Foregrounds the importance of Indigenous food in cultural revitalization and healing
A Drum in One Hand, A Sockeye in the Other by Charlotte Coté
“A powerful philosophy of food sovereignty. Coté successfully navigates myriad scholarly and nonscholarly voices, telling a compelling comprehensive story that helps us understand the practices and policies needed to make change in our food systems.”— Kyle Whyte, Michigan State University
SEATTLE, WA—In the dense rainforest of the west coast of Vancouver Island, the Somass River (c̓uumaʕas) brings sockeye salmon (miʕaat) into the Nuu-chah-nulth community of Tseshaht.

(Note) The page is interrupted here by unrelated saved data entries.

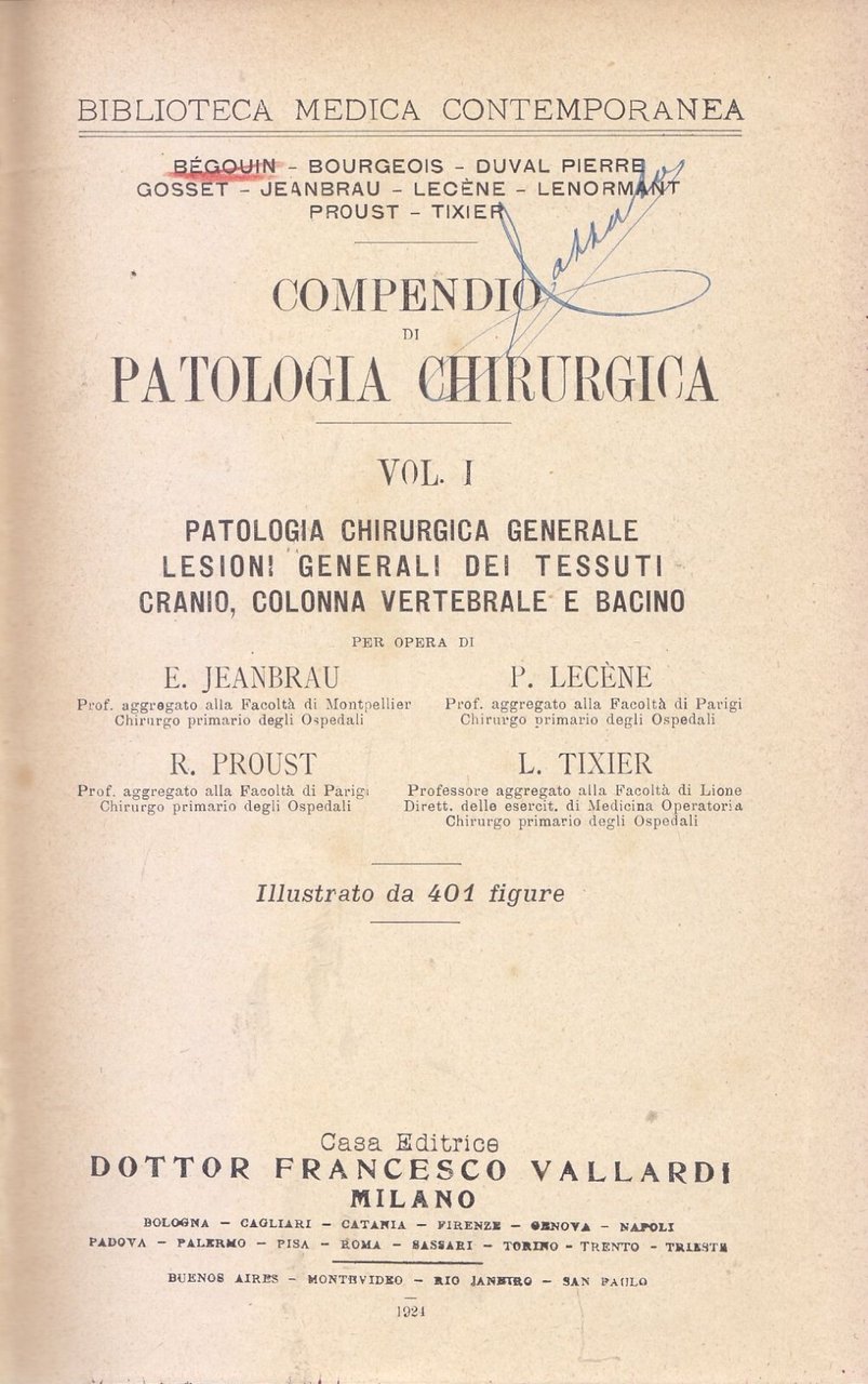 Volume I: Patologia Chirurgica Generale, Lesioni generali dei tessuti, Cranio, Colonna Vertebrale e Bacino. Volume II: Testa, Collo, torace Volume III: glandole mammarie, addome, apparato genitale maschile. Volume IV: Apparato Orinario, apparato genitale femminile, arti.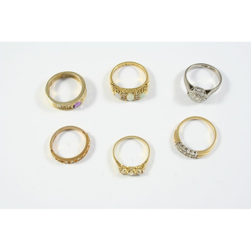 the three solid white opals are set with six circular-cut diamonds in 18ct yellow gold, size O, a diamond cluster ring, set in 18ct white gold and platinum, size M 1/2, a diamond three stone ring, set in yellow gold, size J, a diamond and 18ct gold half hoop ring, size K, a diamond five stone ring, set in 18ct gold, size N 1/2 and a gold openwork ring mounted with an oval-shaped amethyst and two circular diamonds, size M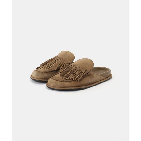 フリンジ付きのスエードサボは、さっと履ける手軽さが魅力◎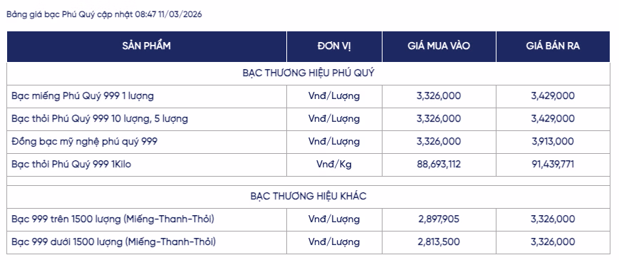 Cùng lúc đó, giá bạc hôm nay tại Tập đoàn Vàng bạc Đá quý Phú Quý, giá bạc niêm yết ở mức 3,32 triệu đồng/lượng (mua vào) và 3,429 triệu đồng/lượng (bán ra) tại Hà Nội. Trong khi đó, bạc thỏi 999 loại 1kg của thương hiệu này được giao dịch ở mức 88,6 - 91,4 triệu đồng/kg.

C̓uumaʕas and miʕaat are central to the sacred food practices that have been a crucial part of the Indigenous community’s efforts to enact food sovereignty, decolonize their diet, and preserve their ancestral knowledge.
In A Drum in One Hand, a Sockeye in the Other, Charlotte Coté shares contemporary Nuu-chah-nulth practices of traditional food revitalization in the context of broader efforts to re-Indigenize contemporary diets on the Northwest Coast. Coté offers evocative stories of her Tseshaht community’s and her own work to revitalize relationships to haʔum (traditional food) as a way to nurture health and wellness. As Indigenous peoples continue to face food insecurity due to ongoing inequality, environmental degradation, and the Westernization of traditional diets, Coté foregrounds healing and cultural sustenance via everyday enactments of food sovereignty: berry picking, salmon fishing, and building a community garden on reclaimed residential school grounds. This book is for everyone concerned about the major role food plays in physical, emotional, and spiritual wellness.
Charlotte Coté is associate professor in American Indian studies at the University of Washington and author of Spirits of Our Whaling Ancestors: Revitalizing Makah and Nuu-chah-nulth Traditions.